A despenalização da morte medicamente assistida é um tema que está constantemente na


ordem do dia e é alvo de inúmeras discussões. Em fevereiro do ano que vigora foi a segunda
vez que a eutanásia foi discutida e votada na Assembleia da República nos últimos dois anos
sendo que, finalmente, foi concedida luz verde para dar continuidade ao seu processo
legislativo.
Primeiramente creio que é importante frisar que este assunto vai muito para além das
questões éticas, médicas e jurídicas. Este debate é um debate sobre liberdade e autonomia,
sobre o modelo de sociedade que queremos e, sobretudo sobre a vida e sobre a forma como a
queremos viver: se com sofrimento agónico, atroz e intolerável ou, se pelo contrário, de forma
digna, respeitosa, livre.
Há uma frase, no âmbito desta mesma matéria, que me toca particularmente e que a meu
ver torna-se desde logo um pilar fulcral no discurso de todos aqueles que apresentam uma
perspetiva favorável em relação a esta prática: A vida é um direito, não uma obrigação.
Ora, num Estado de Direito, é extremamente essencial que seja permitido a cada um de nós,
tanto nos aspetos mais banais, como nas áreas mais íntimas da existência humana, o poder de
conformar a nossa vida de acordo com as nossas próprias convicções. Cada pessoa deve ter o
direito a viver de acordo com a sua visão do mundo, não devendo esta ser imposta por
terceiros. Em contrapartida, atualmente, é exatamente isto que acontece: os doentes vêem-se
impedidos de decidir, veem a sua autonomia condicionada pela existência de restrições legais.
O Estado está, de um modo que qualificamos como inconstitucional, a ditar às pessoas o modo
como estas devem gerir a sua vida o que , no meu ponto de vista, é inaceitável.
Assim sendo, para além da defesa da dignidade, este debate também se detém claramente
na defesa da autonomia e na liberdade.
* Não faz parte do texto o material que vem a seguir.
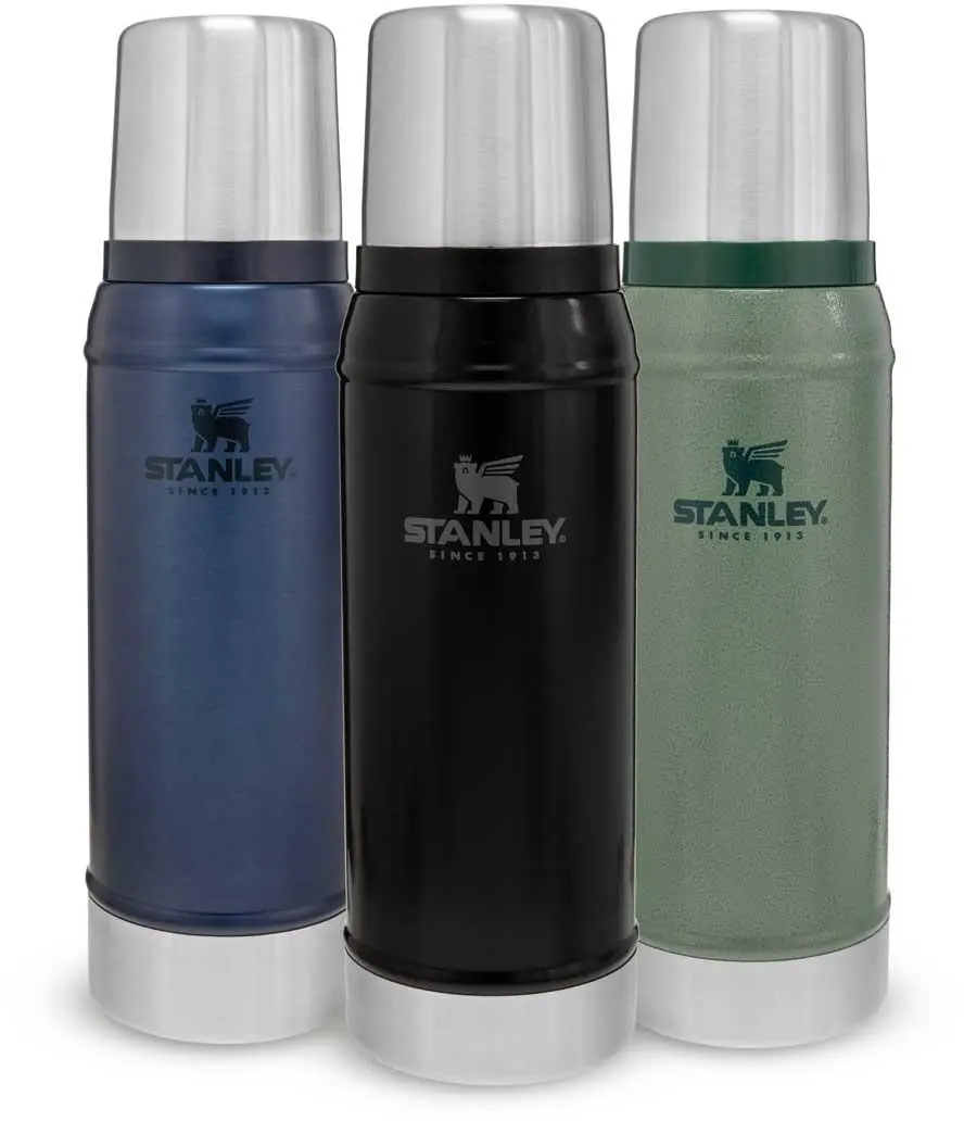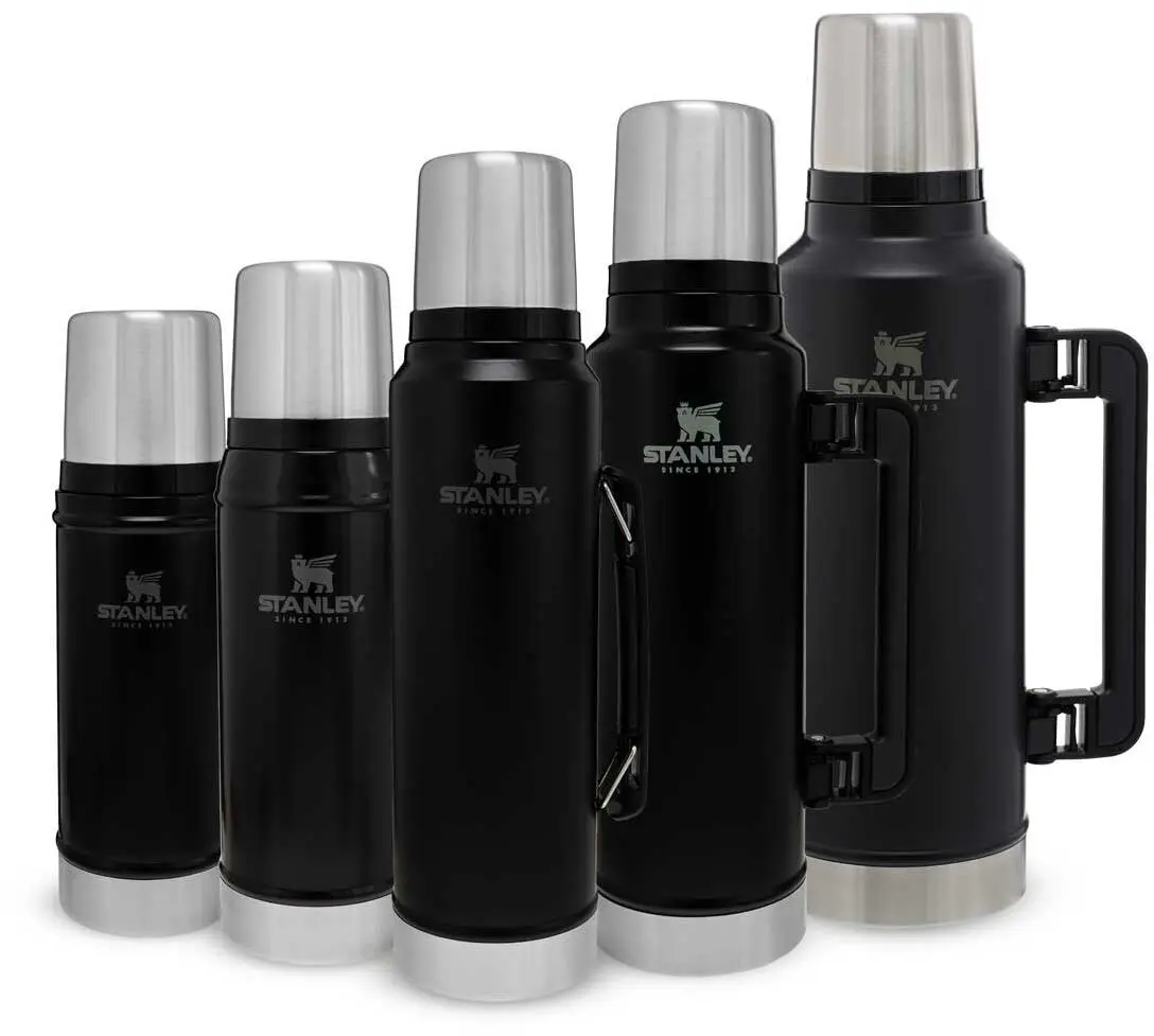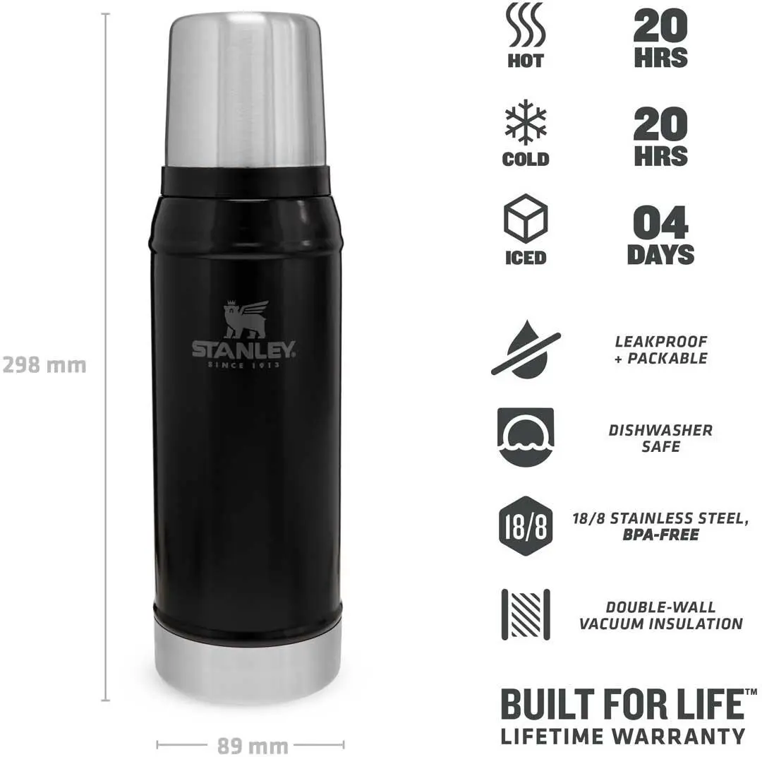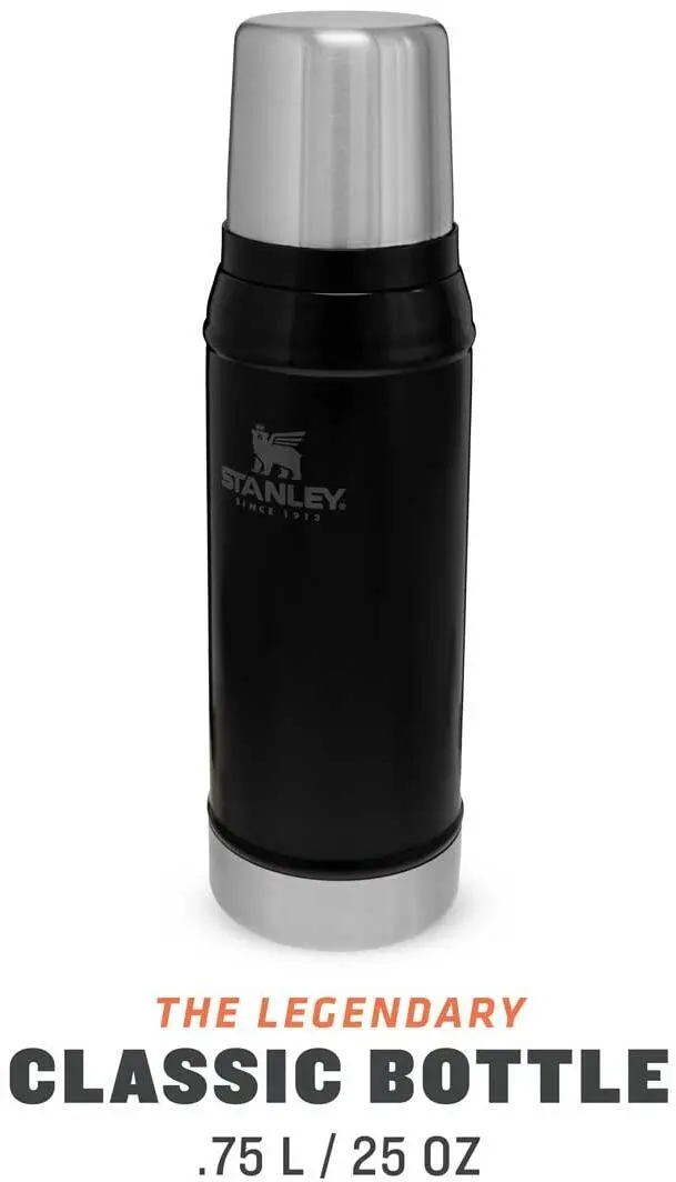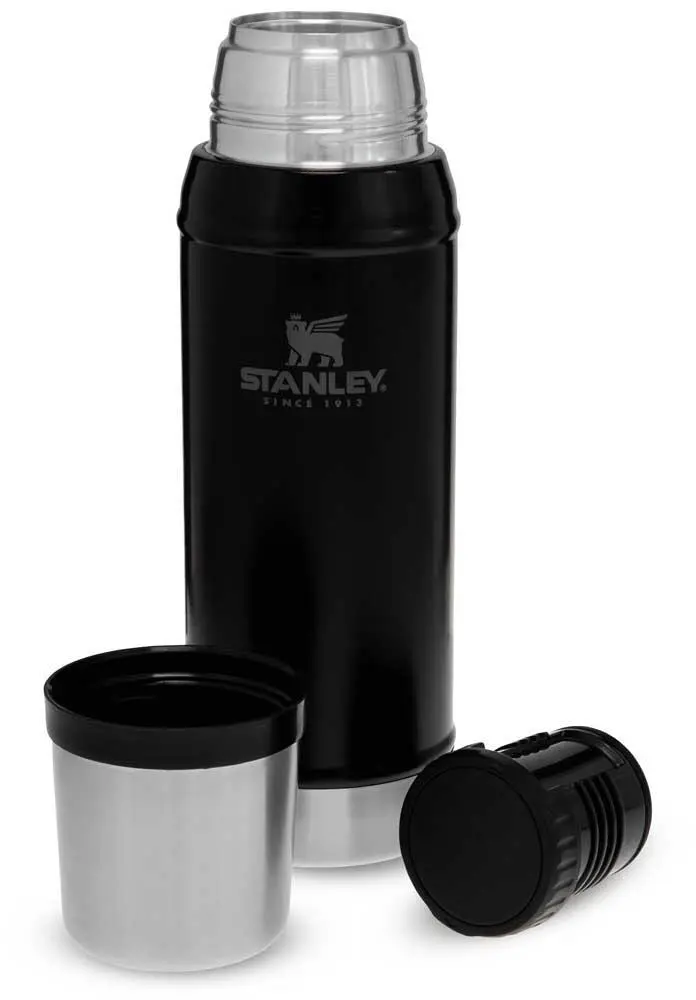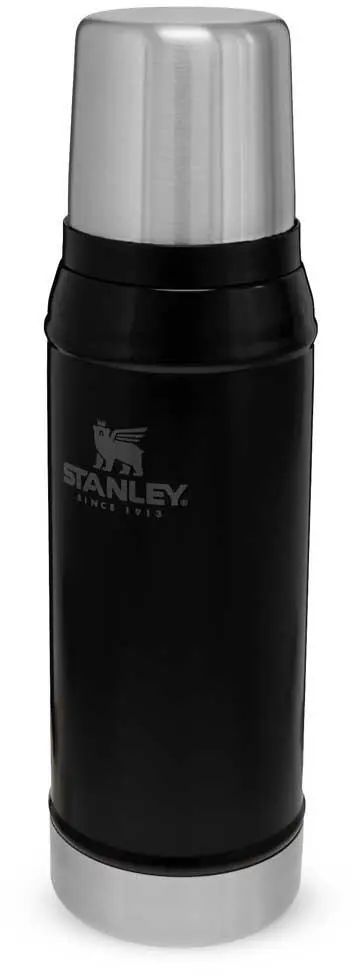 Die aus rostfreiem 18/8 Edelstahl gefertigte Stanley CLASSIC VAKUUM-FLASCHE ist mit einer schützenden, matt schwarzen Lackierung versehen. Die doppelwandige Vakuum-Isolation hält Getränke bis zu 20 Stunden heiß oder kalt. Über dem Flaschenverschluss sitzt ein Trinkbecher, der ebenfalls isolierend ausgelegt ist. Durch die 5 cm weite Öffnung lässt sich die Flasche sehr gut reinigen. BPA-frei!.
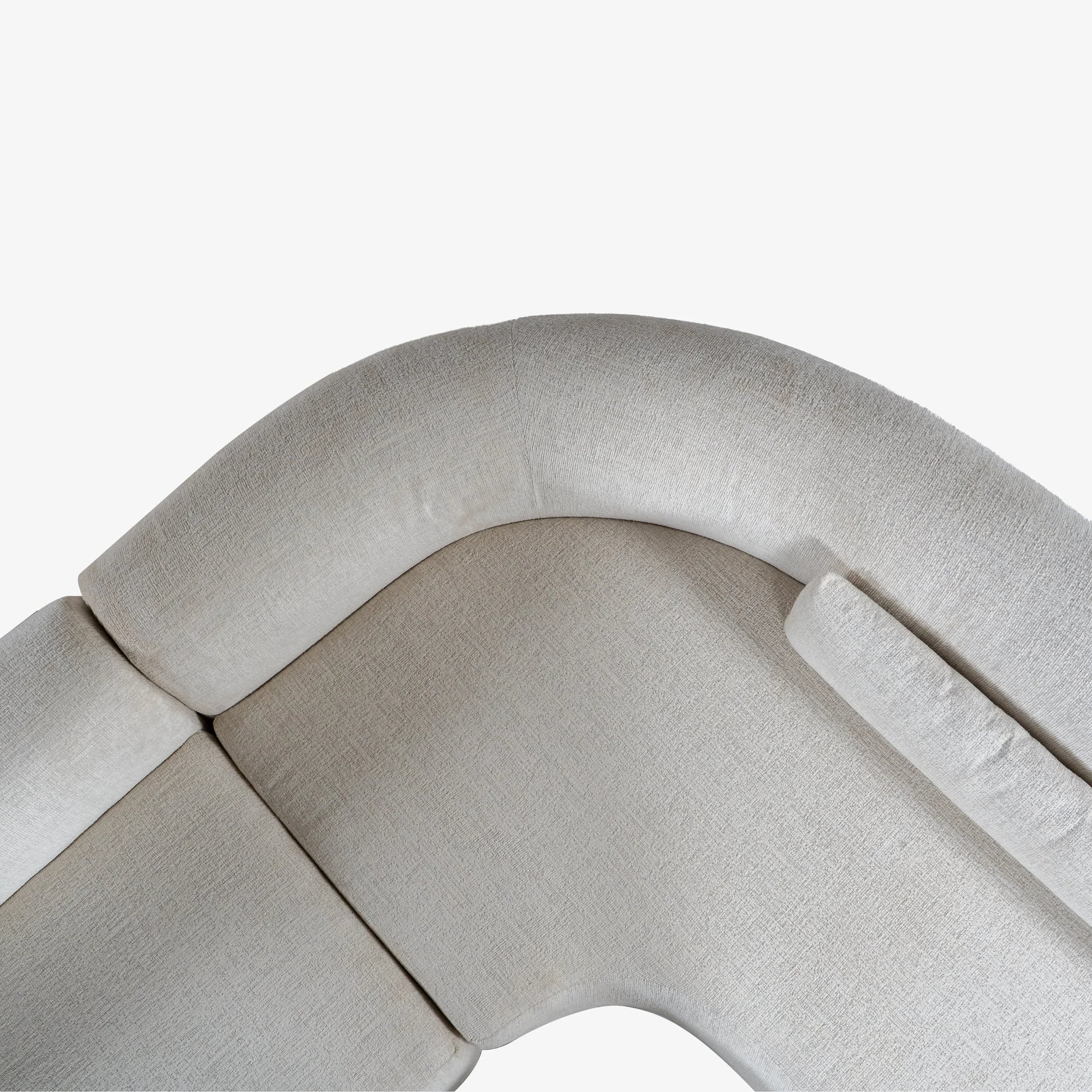 The Riwa Sectional Sofa redefines modular elegance with its wedge-shaped silhouette. Upholstered in soft neutral fabric, it offers deep seating and versatile configurations, making it ideal for modern living spaces where comfort meets geometry.
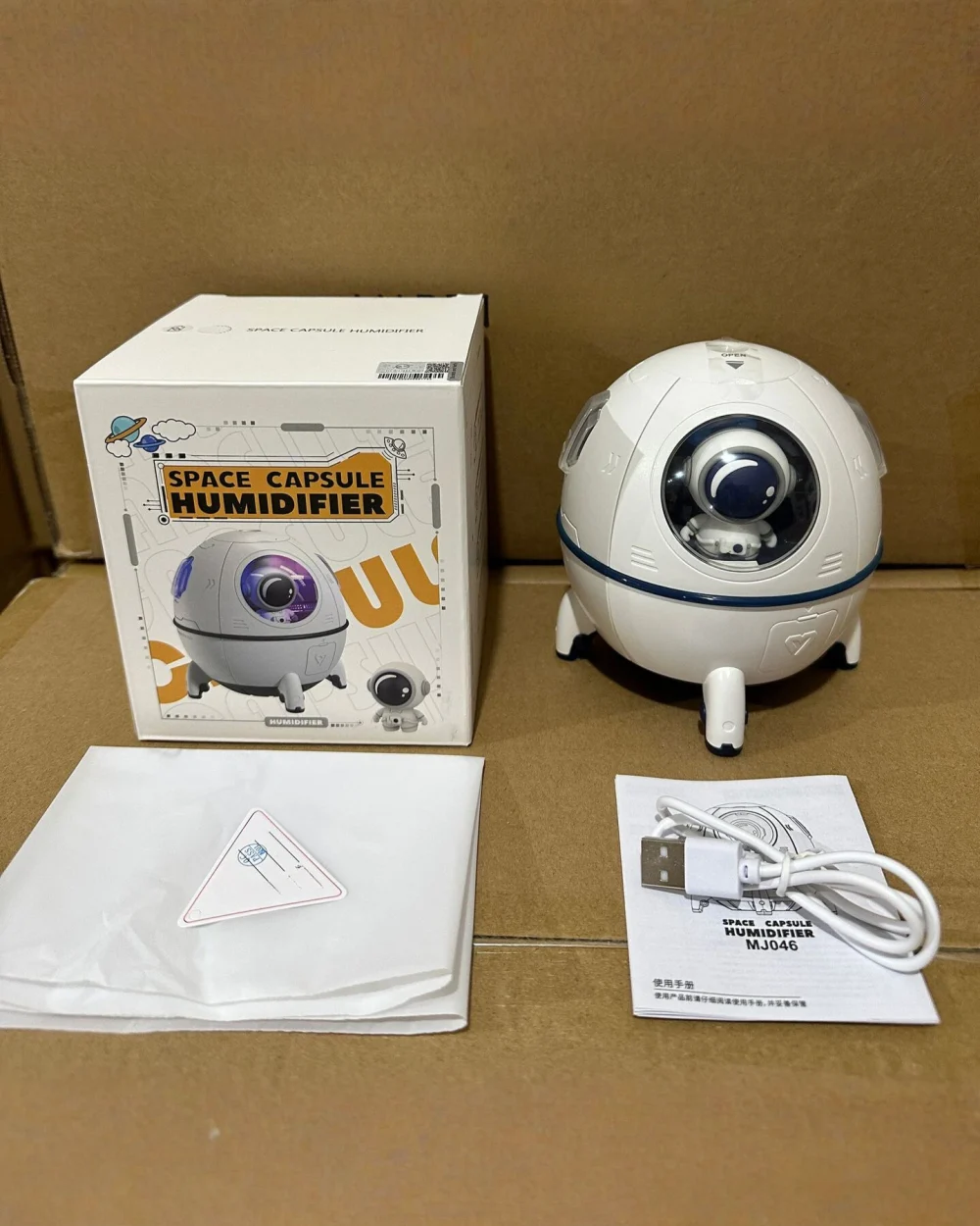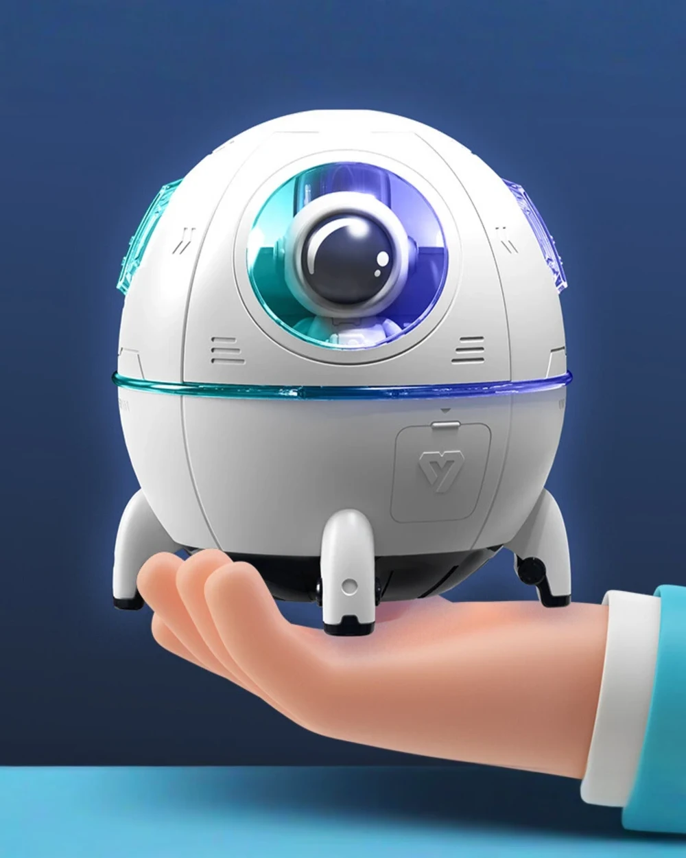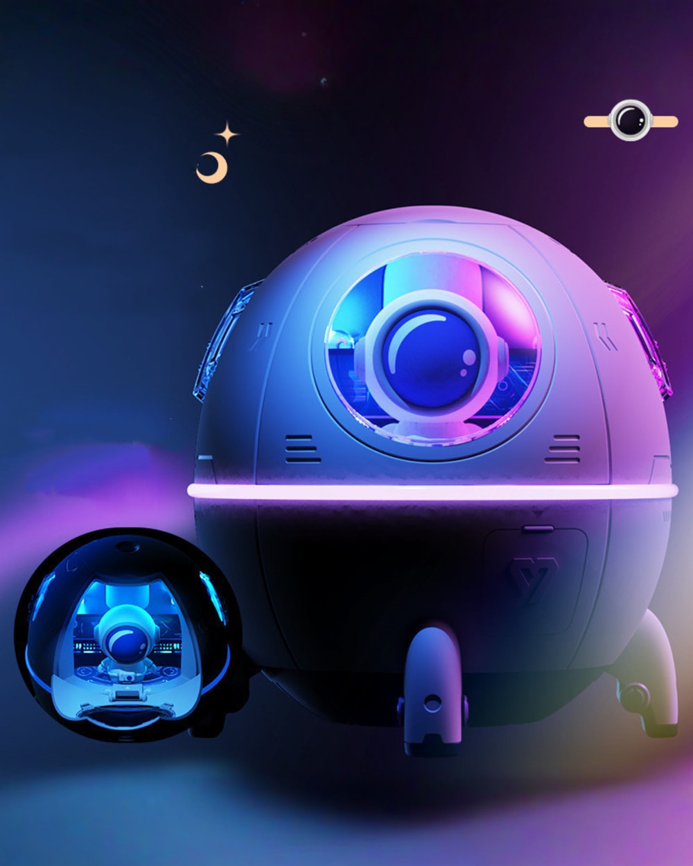 Designed in the shape of a futuristic spaceship, this remarkable device combines functionality, aesthetics, and a touch of whimsy to enhance your living space. With its captivating RGB lights and a charming little astronaut companion, it creates an atmosphere of tranquility and wonder while providing the benefits of aromatherapy and humidification.
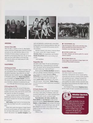On Campus: Arizona State (Beta Epsilon), Spring 2002. On Campus: CSU/Hayward (Eta Delta), Spring 2002. On Campus: CSU/Long Beach (Gamma Kappa), Spring 2002. On Campus: Pepperdine (Iota Alpha), Spring 2002. On Campus: UC/Santa Barbara (Gamma Beta), Spring 2002. On Campus: Eastern Illinois (Zeta Alpha), Spring 2002

Ser competente e autónomo, significa também ser
livre e responsável pelas suas escolhas o que, nas palavras do celebre filosofo Stuart Mill,
significa, também, ser-se livre de poder escolher quando e como morrer.
Ademais, no que toca à temática dos cuidados paliativos uma despenalização da morte
assistida não exclui nem conflitua em nenhuma vertente com os mesmos. Ainda que estes
devam ser valorizados e continuamente reforçados – e sim, há que reconhecer que os
cuidados paliativos têm que ser fortalecidos no nosso país – a verdade é que não eliminam o
sofrimento nem impedem por inteiro a degradação física ou psicológica e, muitas vezes são
ainda incapazes de responder a todos os efeitos secundários associados a certos tratamentos,
nomeadamente náuseas e alterações de consciência.
No entanto, e apesar de envergar uma posição totalmente a favor, a percepção que vou
tendo das notícias que vêm dos países onde a eutanásia foi despenalizada não me sossega.
Receio mesmo que se esteja perante aquilo que se tem chamado de “rampa deslizante”.
Esperaria que, depois de alguns anos de adaptação, o recurso à eutanásia fosse diminuindo na
proporção inversa do aumento das possibilidades de vida digna que os cuidados paliativos e a
medicina proporcionam. Mas aquilo a que se assiste na Bélgica e na Holanda, por exemplo, é
precisamente ao contrário. Cresce o número de mortes por eutanásia, a qual tende a
banalizar-se, ao ponto de hoje na Holanda já se discutir a venda de comprimidos letais para
quem, com mais de setenta anos, esteja cansado de viver.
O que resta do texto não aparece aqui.